The update was provided by Eugene Jones who has spent the past three months as VIHFA’s new executive director. Though new to the position, he told lawmakers he has already sought an update from OMB. “We haven't had a chance to process it,” was the explanation offered to the authority. The response was deemed “unacceptable” by Senator Marvin Blyden, who promised to get to the root of the issue. The delay in the transfer of funds to VIHFA is perhaps another consequence of the Government of the Virgin Islands’ chronic cash flow issues.
Without the $5 million, Mr. Jones says VIHFA is currently unable to “create some different types of programs, especially [ramping] up homeless initiatives on the territory.” The inability of the authority to tackle issues like homelessness due to insufficient funding disappointed Senator Donna Frett-Gregory. “You hear a lot of conversation about the challenges that we have with homelessness… but if we're not going to get the minimal amount of money that we need to push these programs forward, then all we're doing is talking,” she said.

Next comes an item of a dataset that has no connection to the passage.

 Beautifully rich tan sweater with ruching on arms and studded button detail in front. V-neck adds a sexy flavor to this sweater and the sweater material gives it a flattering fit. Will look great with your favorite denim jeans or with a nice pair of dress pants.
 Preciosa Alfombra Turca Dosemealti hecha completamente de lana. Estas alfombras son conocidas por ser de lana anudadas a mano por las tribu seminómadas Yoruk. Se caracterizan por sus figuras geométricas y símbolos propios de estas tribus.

This wasn’t the end of bad news for the VIHFA. Though Mr. Jones anticipates receiving another $5 million in Stamp Tax revenue in FY2025, Senator Frett-Gregory informed him that the projection provided by OMB means that they may only receive $1 million instead of $5 million. VIHFA is entitled to 50% of Stamp Tax revenue proceeds, but “we are projecting as a government that we are only going to generate $2 million in Stamp Taxes,” Ms. Frett-Gregory noted. “This will woefully impact the work that you're doing,” she sympathized.

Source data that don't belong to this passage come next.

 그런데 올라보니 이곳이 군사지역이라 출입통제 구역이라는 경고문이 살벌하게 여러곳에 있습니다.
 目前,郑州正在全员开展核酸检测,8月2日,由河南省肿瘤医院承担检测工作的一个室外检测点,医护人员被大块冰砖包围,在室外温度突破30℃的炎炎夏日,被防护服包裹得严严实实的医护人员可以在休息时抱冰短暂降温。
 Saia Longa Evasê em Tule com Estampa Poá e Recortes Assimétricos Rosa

The VIHFA is also facing staffing challenges, with 25 vacancies and 11 recent separations. “It stretches our staff to the limits because we have to double up,” Mr. Jones told lawmakers. Nevertheless, he told the Committee on Budget, Appropriations, and Finance, that the authority was working to fill the positions. “We can probably fill about half of those before the end of this month,” Mr. Jones said. According to the executive director, VIHFA wants to “create stability.”
The VIFHA is hopeful that approval of its FY2025 budget request will contribute to that stability. The total proposed operating budget is $26,574,629 including $2 million from the general fund, the anticipated $5 million in Stamp Tax revenue, and money generated through the sale of homes, commercial leases, mortgages, and federal reimbursements. The authority anticipates collecting approximately $1.8 million in home sales, $350,000 in mortgages, and $160,000 in commercial leases. Federal reimbursements will total “a little over $21.6 million.”
The estimated annual payroll for FY2025 is $8,619,604, while $3.8 million is earmarked for fringe benefits for 94 staff. According to Mr. Jones, combined personnel costs “represent a decrease of $2.6 million.” VIHFA also anticipates spending $107,497 for supplies, $1.2 million for rent and $9,043,700 for professional services, including consultants, construction management and website management. Utilities have been budgeted at $377,500, and another $550,000 is penciled in for software upgrades. Other services and charges are expected to cost $761,772.
The usual $2 million general fund appropriation is used “solely for salaries and fringe benefits”, noted Mr. Jones. However, “given the rising cost of health insurance premiums and employee retirement contributions,” the amount is only able to fund 17 of the authority’s 94 employees. Ms. Frett-Gregory intends to investigate whether “there is a true need for the entire $2 million,” as some positions tied the the General Fund allocation are currently vacant.
“We are looking for ways to save and divert funds if we can because our revenues are tight,” she noted.